Leblanc, however, continued to give Armstrong the benefit of the doubt after 1999 because no scientific evidence along the lines of L'Equipe's report had been produced concerning the six other Tours he won.

"From 2000 to 2005 we can imagine that if tests were carried out on Armstrong's urine, nothing would be found," Leblanc said.
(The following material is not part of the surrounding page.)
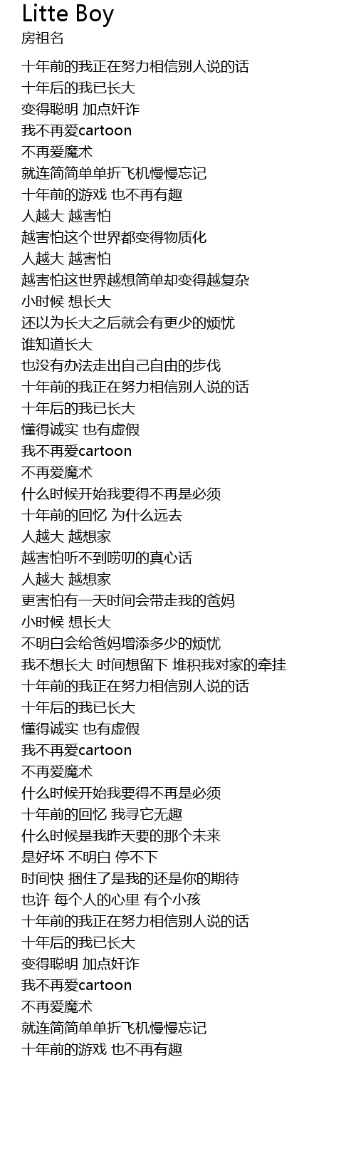 | [00:49.38] | 还以为长大之后就会有更少的烦忧 |

Barring Leblanc, support and scepticism about L'Equipe's report has been mapped out along the usual lines of those who already felt Armstrong had no case to answer and those believing the accusations represent the most compelling evidence yet of his guilt.

While in France, polls among cycling fans and reports of reactions amongst local riders, the already unpopular American generally gets the thumbs down, outside the country, Armstrong's case is mostly upheld by bike riders.

That includes the Swiss rider Alex Zülle and the Spaniard Fernando Escartin, who were second and third in the 1999 Tour.

Further afield, though, a large percentage of the United States media believes that L'Equipe's investigation is fuelled by underlying nationalism. "They [the French] don't mind us when we're buying their wine or storming German pillboxes," wrote Mike Lopresti in USA Today on Wednesday.

"But... they have never been able to accept their sporting jewel being dominated by an American. Somebody's wrong and let's hope it's not Lance," Lopresti concludes.

However, for the French at least, and for the director of the event that hope is close to being extinguished.